- _WHAT TO DO_
Please give the lines below again exactly as they stand, from the one that contains "Sanftes Erwachten /" up to and including the one that contains "La nuova area", leaving all pictures out.
RECORDS SUPPLIED below:
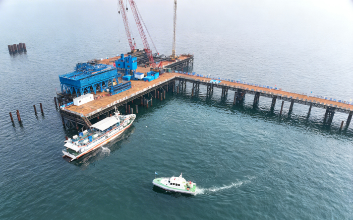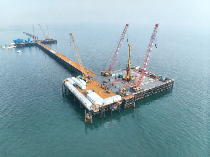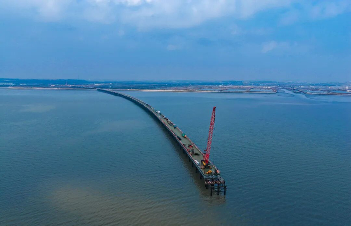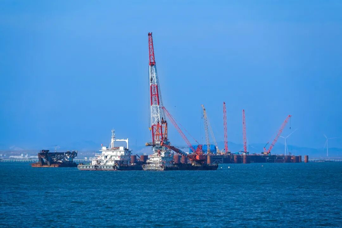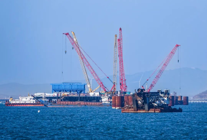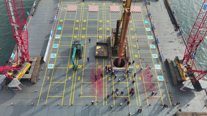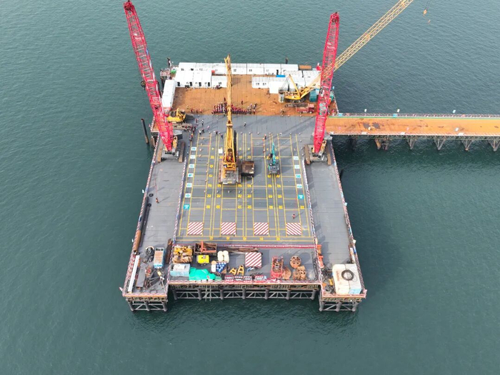 项目施工正式由海上钢平台搭设阶段,转入核心关键、施工难度最大的下部结构施工阶段,为后续主桥塔桩基施工、整体工程推进奠定了坚实基础。
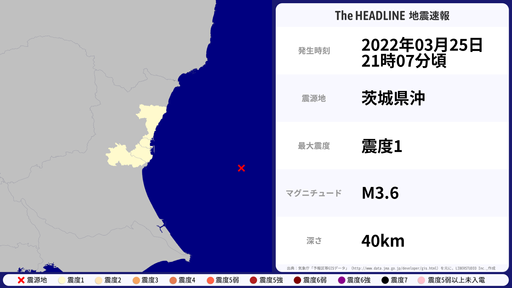 3月25日21時07分頃、茨城県で最大震度1を観測する地震がありました。
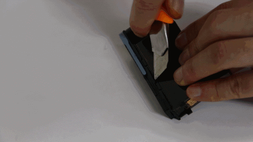 使用工具輔助打開護蓋——惠普大幅面打印機有一體式打印頭,也就是不同的顏色墨水都可以通過一體式打印頭去打印,是有螺絲固定;不過今天,我們給大家演示的打印頭是獨立式打印頭,這種打印頭是沒有螺絲固定,它只是通過塑料卡位密封住的,所以拆解時需要使用壁紙刀或一字螺絲刀去撬開打印頭護蓋周邊的卡位。
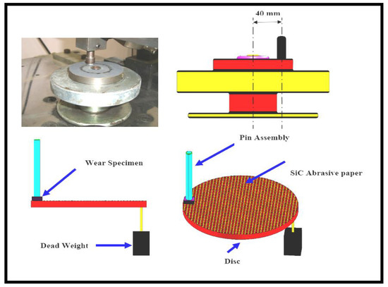 The two-body abrasive wear performance of the fabricated composites was tested by using a pin-on-disc machine as per ASTM-G99 standard. The required specimen of 5 mm × 5 mm × 2.8 mm pasted to a pin having cylindrical shape. The pin is having Ø10 mm and 25 mm height, which is mentioned in Figure 2. To make abrasive contact, the pin makes contact with the SiC abrasive paper coated disc. Once the test completed, the abraded SiC paper was removed. For the next test new SiC paper was stuck to the disc. The pin having specimen was located on a path of Ø 20 mm in the disc. The details of the machine and sample are illustrated in Figure 2. The test was conducted by changing a different load of 5, 10, and 15 N at 200 rpm. For all the tests, abrading distances of, 25, 50 and 75 m were chosen to determine the wear resistance under multi-pass conditions. To remove the dust and unwanted particles from specimen, it is cleaned with acetone on the surface and dried for a few minutes. To determine the wear loss, initial and final weights are noted by means of an electronic weighing balance. Average values of the tested specimens are mentioned in the results. All the mechanical tests of the composites were conducted as per the ASTM standards. Figure 2 indicates the image of two body abrasive wear set up.
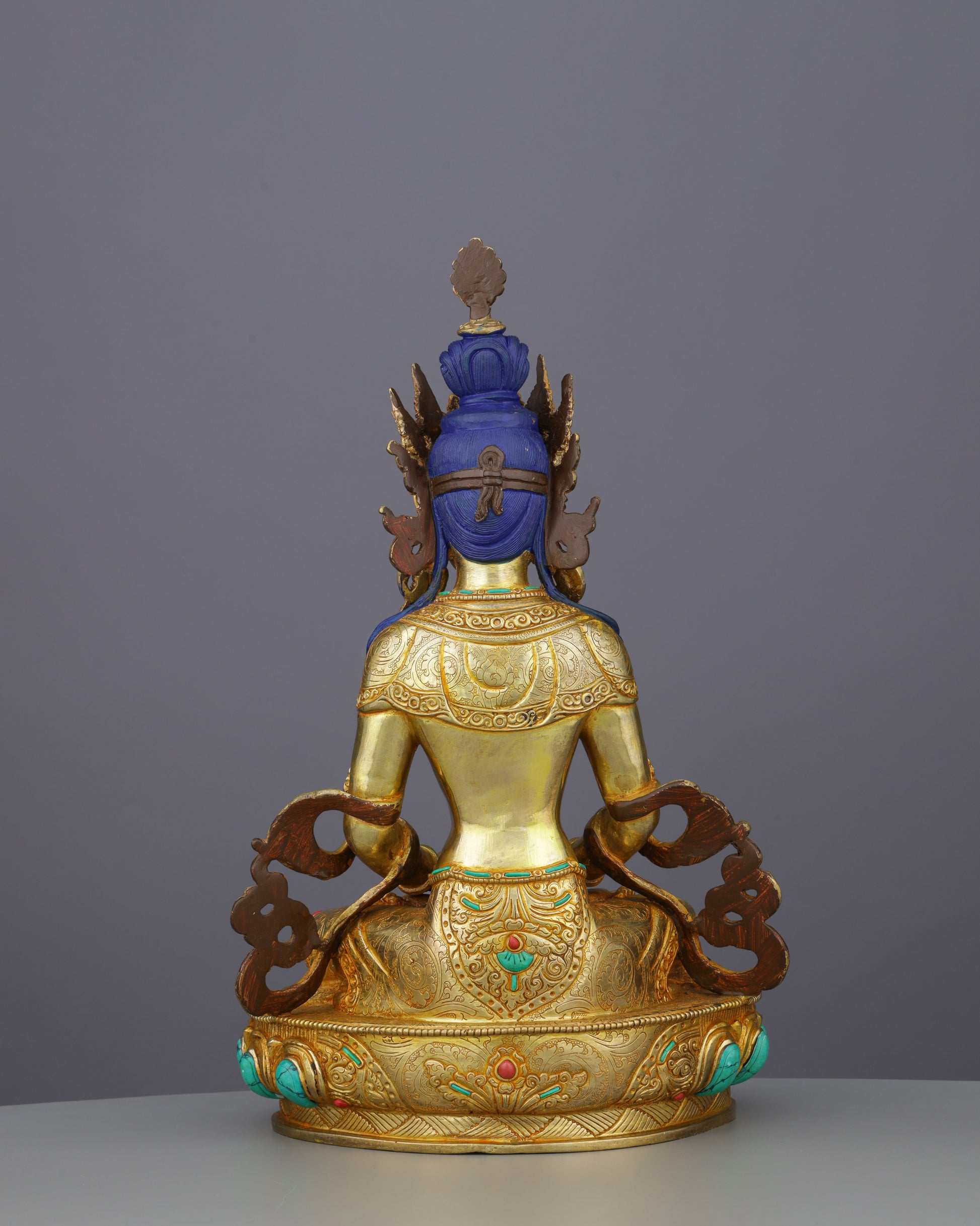The statue captures Amitayus in serene meditation posture, seated in lotus position upon a lotus throne. His peaceful countenance features half-closed eyes representing inner contemplation and enlightened awareness. The hands rest gracefully in dhyana mudra, cradling the kalasha (longevity vase) filled with the nectar of immortality. His golden body adorned with turquoise-inlaid jewelry and flowing robes demonstrates princely refinement, while the ornate five-pointed crown symbolizes transcendent wisdom.
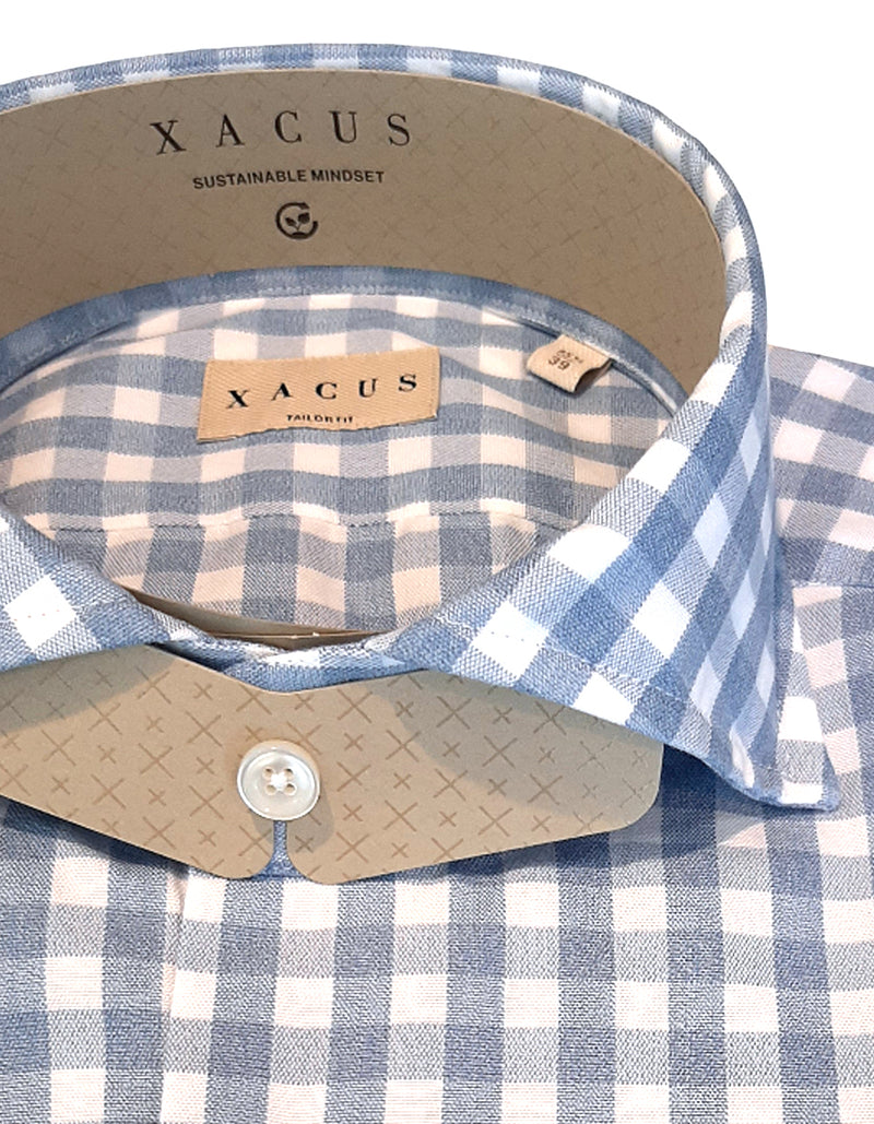 XACUS CAMICIA TAILOR WASHED A QUADRI BIANCO CELESTE
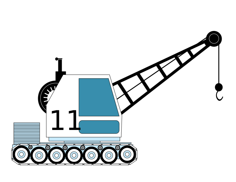 This features a large crane with a number 11 on it, sitting in the middle of a field. It is an illustration or drawing that showcases the crane's size and prominence. The crane has a hook at the end of its arm, which is hanging from the top of the image. This unique design makes the crane stand out as it sits in the open space.
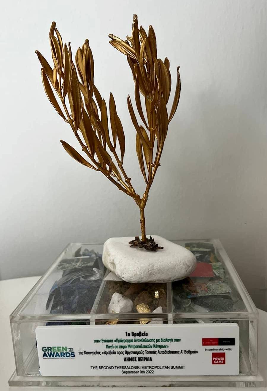 Το 1ο βραβείο για τις δράσεις που υλοποιεί στον τομέα της ανακύκλωσης απονεμήθηκε στον Δήμο Πειραιά στα Green Awards, τα οποία πραγματοποιήθηκαν στο Βελλίδειο Μέγαρο πριν από την έναρξη της ΔΕΘ, στο πλαίσιο του «The Second Thessaloniki Metropolitan Summit», που διοργάνωσαν ο Economist και το powergame.gr.
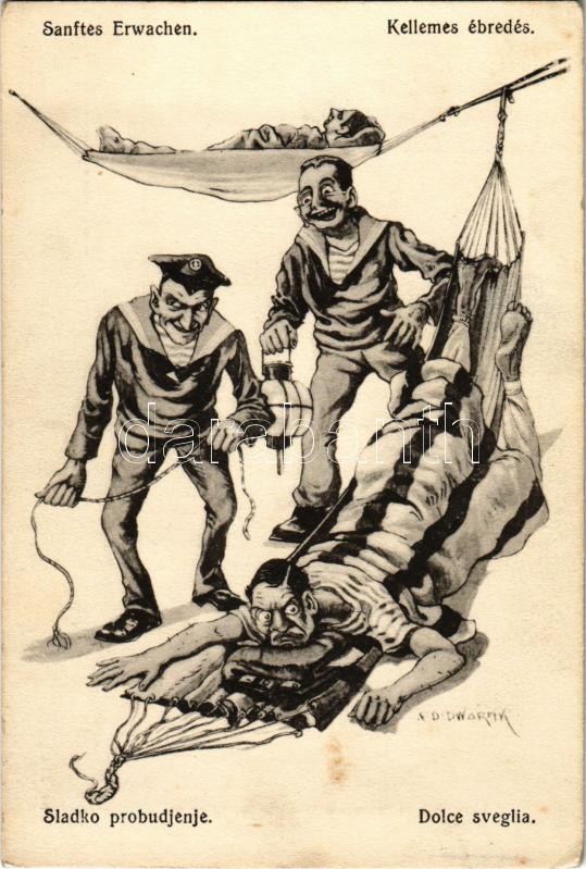 Sanftes Erwachten / Kellemes ébredés / Austro-Hungarian Navy K.u.K. Kriegsmarine humorous mariner art postcard. C.F. P. Nr. 22a 1917/18. s: Ed Dworak (EK)
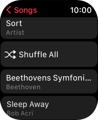 You can use the music player to play audio files you've synchronised with your Apple Watch. To use the music player, you need to establish a connection to a Bluetooth headset.
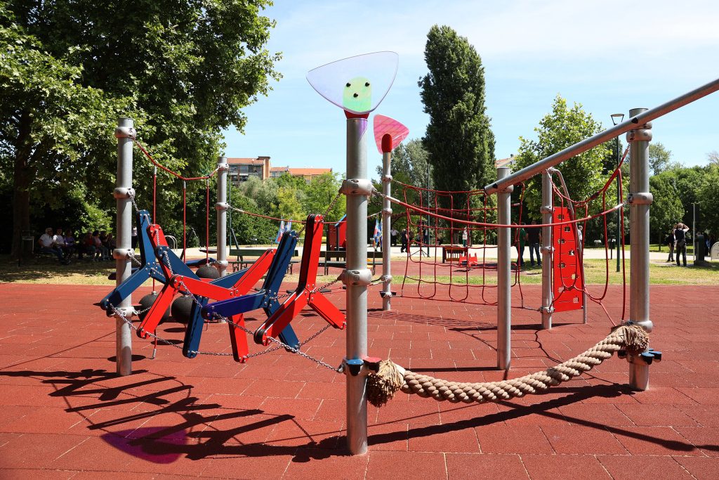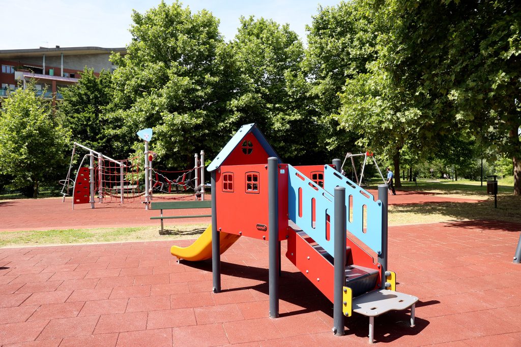 La nuova area giochi è suddivisa in due zone distinte e presenta attrezzature ludiche innovative, inclusive e a bassa manutenzione, che si integrano armoniosamente con l’ambiente naturale del parco. In totale sono stati installati sette nuovi giochi: un anello girevole, due altalene a cesto (una inclusiva), un grande gioco combinato per sviluppare agilità e coordinazione, una torre con scivolo, un gioco a molla e un pannello per la riproduzione di suoni musicali. L’intervento ha previsto inoltre la posa di nuova pavimentazione antitrauma, il rinnovo degli arredi urbani e l’installazione di pannelli informativi che illustrano le caratteristiche ambientali del parco.
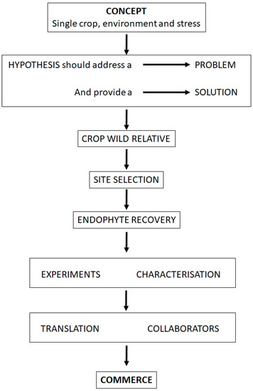 Many promising scientific discoveries do not make a successful transition to commerce, for any number of reasons, while some discoveries happen almost by accident [61]. The most common point of failure may be in the initial research project design, where a focused, achievable and outcome-based plan is not in place [62]. This is especially true of research into the potential of endophytes in agricultural crops, where many valuable discoveries languish in the limbo between the laboratory bench and the farmer’s field. In this paper, we have shown that a properly focused endophyte project with a continuous emphasis on one particular outcome can result in a more successful transition from idea to application. We have described a set of best practices leading to the development of a successful endophyte field crop inoculant, and this approach can, in principle, be adapted for any crop or agricultural environment (including marginal lands) provided that a similar methodology is followed. The flowchart (Figure 1) shows the basic steps and decision points of our approach.
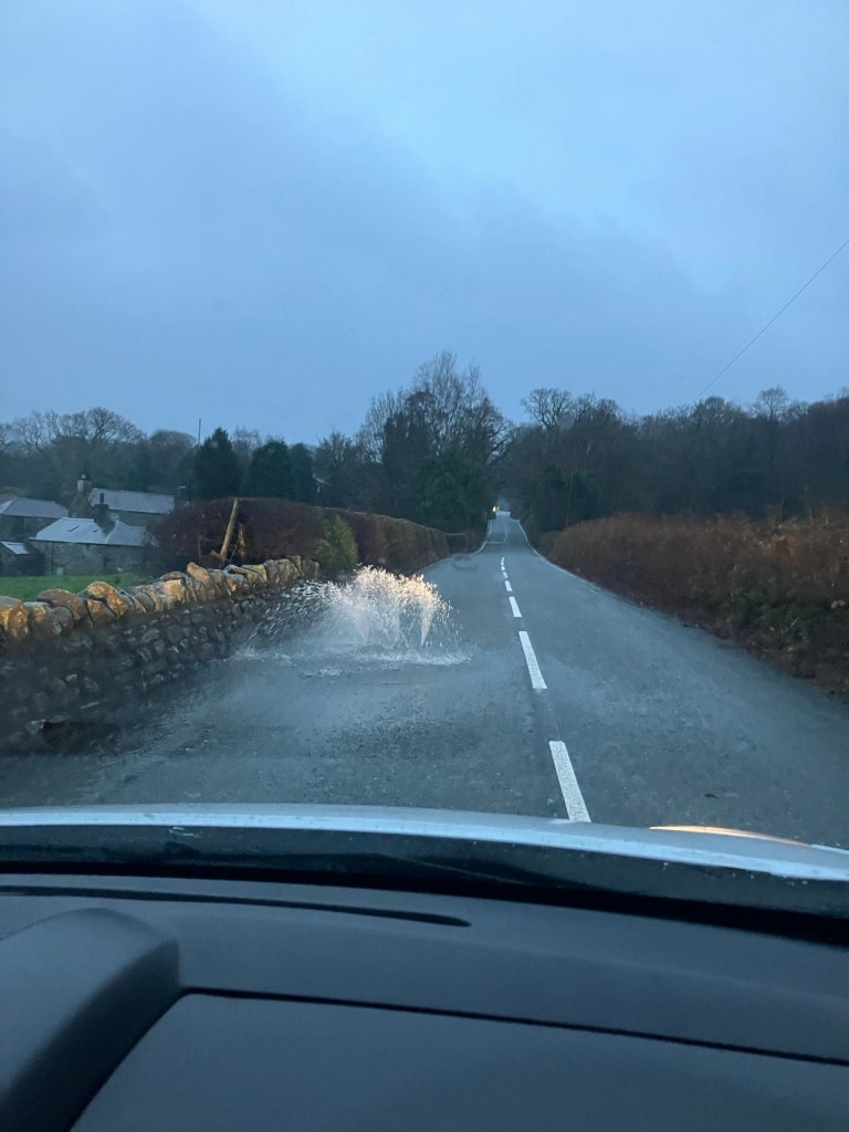 I took a group of students up a nearby hill to feel the wind in our hair and see what 80mph winds would feel like. Walking uphill with the wind behind us was easy, but to get back down we needed goggles to protect us from the pelting rain! In the drive home, there were the usual wet weather water features in the road drains.
End of RECORDS SUPPLIED.
- _SOLUTION_
 Sanftes Erwachten / Kellemes ébredés / Austro-Hungarian Navy K.u.K. Kriegsmarine humorous mariner art postcard. C.F. P. Nr. 22a 1917/18. s: Ed Dworak (EK)
 You can use the music player to play audio files you've synchronised with your Apple Watch. To use the music player, you need to establish a connection to a Bluetooth headset.
 La nuova area giochi è suddivisa in due zone distinte e presenta attrezzature ludiche innovative, inclusive e a bassa manutenzione, che si integrano armoniosamente con l’ambiente naturale del parco. In totale sono stati installati sette nuovi giochi: un anello girevole, due altalene a cesto (una inclusiva), un grande gioco combinato per sviluppare agilità e coordinazione, una torre con scivolo, un gioco a molla e un pannello per la riproduzione di suoni musicali. L’intervento ha previsto inoltre la posa di nuova pavimentazione antitrauma, il rinnovo degli arredi urbani e l’installazione di pannelli informativi che illustrano le caratteristiche ambientali del parco.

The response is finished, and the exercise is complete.